With the Ukraine conflict reaching stalemate, with neither the Ukrainians nor the Russians seemingly capable of achieving a significant breakthrough, it is almost inevitable that Western policymakers should start thinking about ways to end the bloodshed.
For all the optimism that surrounded Ukraine’s long-planned summer counteroffensive to liberate areas of the country captured by their Russian adversaries, Ukrainian forces have failed to achieve the decisive breakthrough they sought.
Despite launching a series of well-coordinated attacks to liberate territory in both the east and the south of the country, the highly effective defensive positions established by the Russians, known as the Surovikin line after the Russian general who devised them, the Ukrainians have failed to make the type of decisive breakthroughs they achieved last year, when they recaptured the city of Kharkiv in the northeast and Kherson in the south.
The only tangible gains the Ukrainians have achieved so far this year is to challenge Russia’s control over Crimea, home to the Russian Navy’s Black Sea fleet.
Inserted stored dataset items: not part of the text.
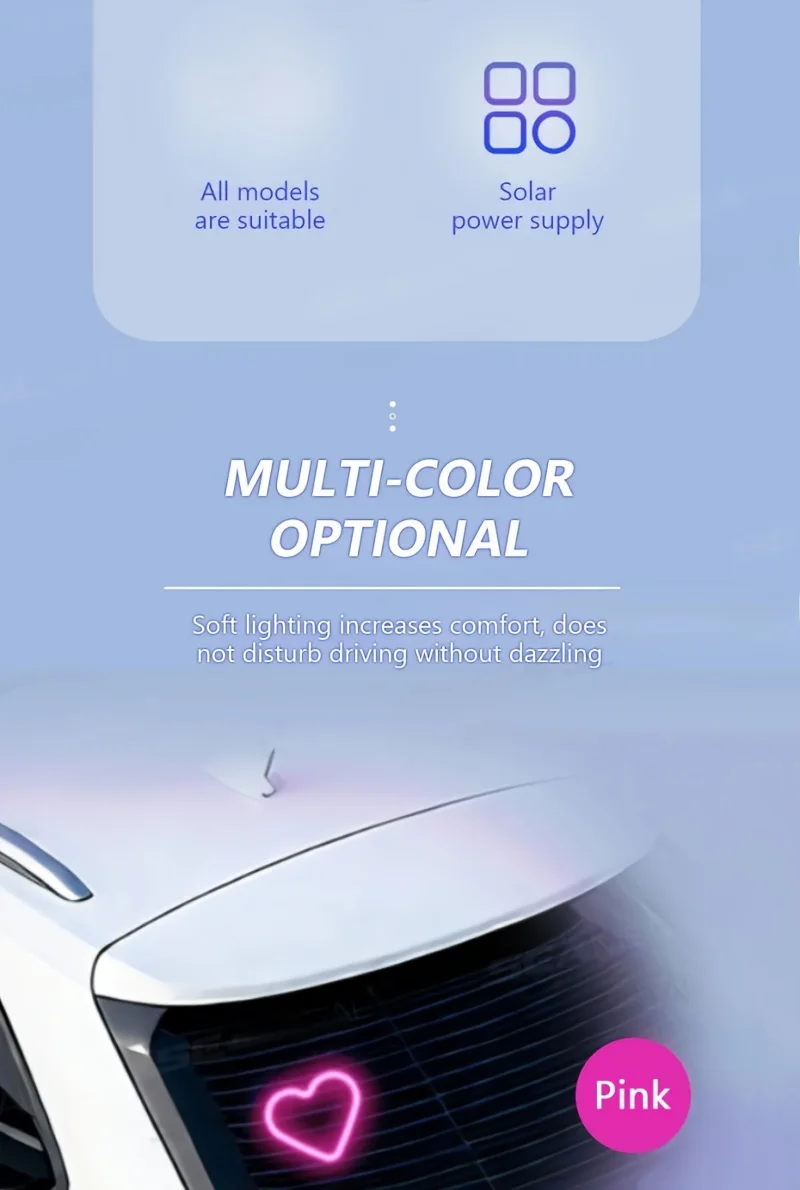 Design & Graphic: Features a classic neon heart silhouette that emits a bright, steady glow. They are available in a variety of vivid colors, including blue, red, purple, and pink, allowing you to customize your car's nighttime aesthetic.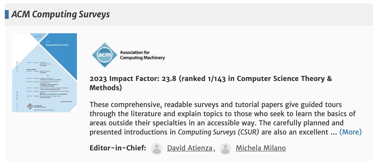 ACM Computing Surveys是美國計算機協會(ACM)旗下的期刊之一,是計算機科學、人工智能、軟件工程等領域的重要綜述類期刊,主要收錄計算機各分支領域的重要研究進展、技術綜述和文獻總結,致力于為科研人員和工程技術人員提供權威、系統、前沿的知識參考。該期刊的最新SCI影響因子為23.8(2023年數據,在Computer Science Theory & Methods領域排名第1/143),中科院一區TOP期刊,JCR分區Q1。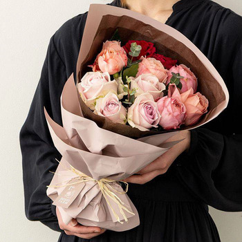 栽培しているピンク系の品種の中より、その時一番のおすすめのバラを摘み取りキュートなピンク系のブーケに仕立てます。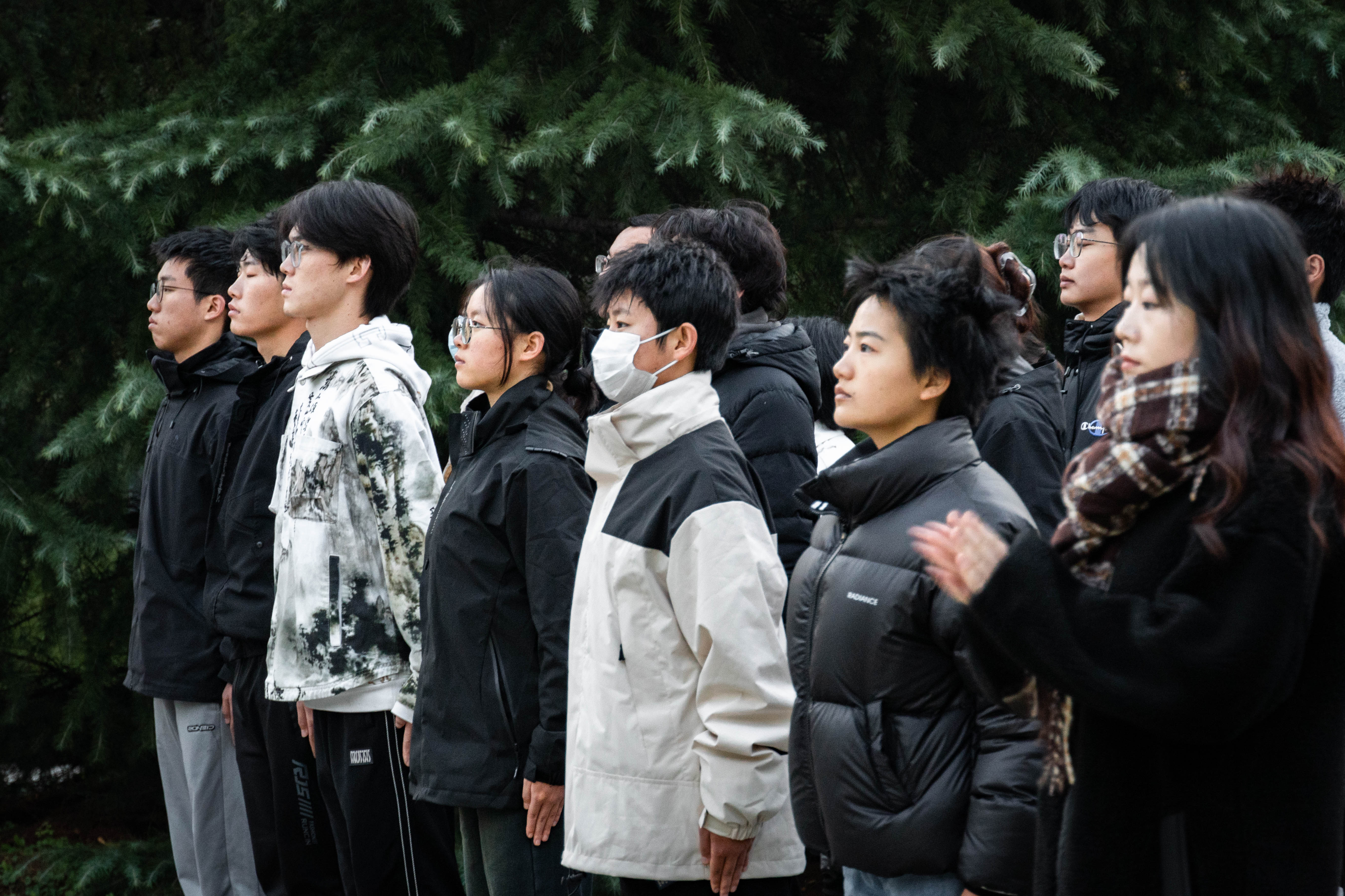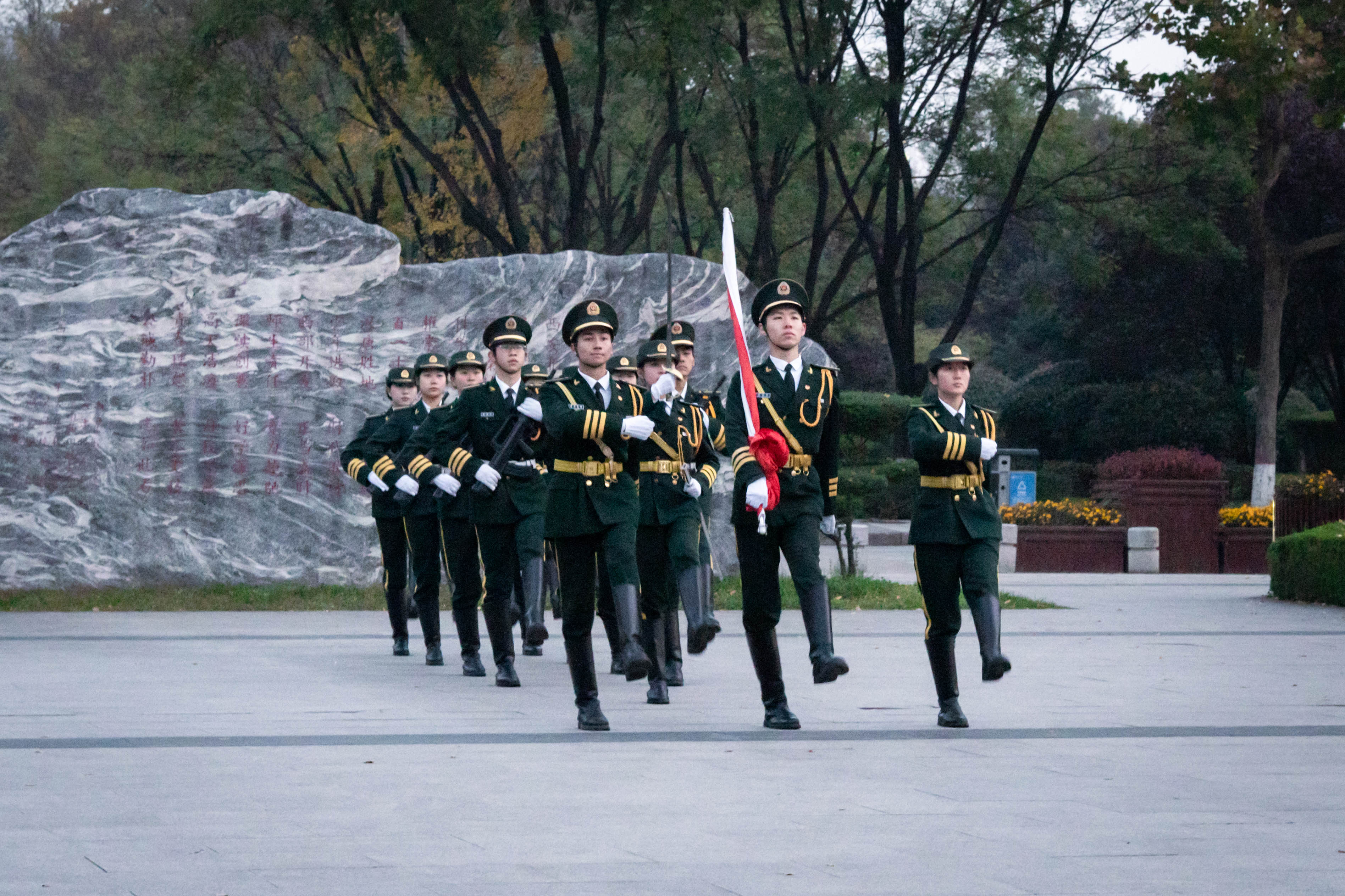 清晨,东方欲晓,日暮将启,石碑前早已站满了人。同学们望向终南山的方向,等待着国旗护卫队的身影。只见由十余人组成的国旗护卫队踏着正步走来,一名旗手在前肩擎国旗,护旗手随行两侧。早晨七点,升旗仪式正式开始,全体学生肃立行注目礼。国旗护卫队庄严列队,步伐铿锵,将国旗护送到升旗平台,伴着庄严的国歌,五星红旗冉冉升起、迎风飘扬。

A series of daring raids and missile strikes against Russian naval targets in Crimea, including an attack on November 4 which inflicted severe damage on a brand new Russian warship, an Askold Project 22800 Karakurt-class corvette which was docked in a Kerch shipyard in occupied Crimea.
But while Ukraine’s clever targeting of Russia’s naval bases in Crimea has severely restricted its navy’s ability to operate in the Black Sea, elsewhere Ukrainian forces have made minimal progress, prompting General Valery Zaluzhny, Ukraine’s commander-in-chief, to acknowledge in an interview earlier this month that the conflict had now reached stalemate.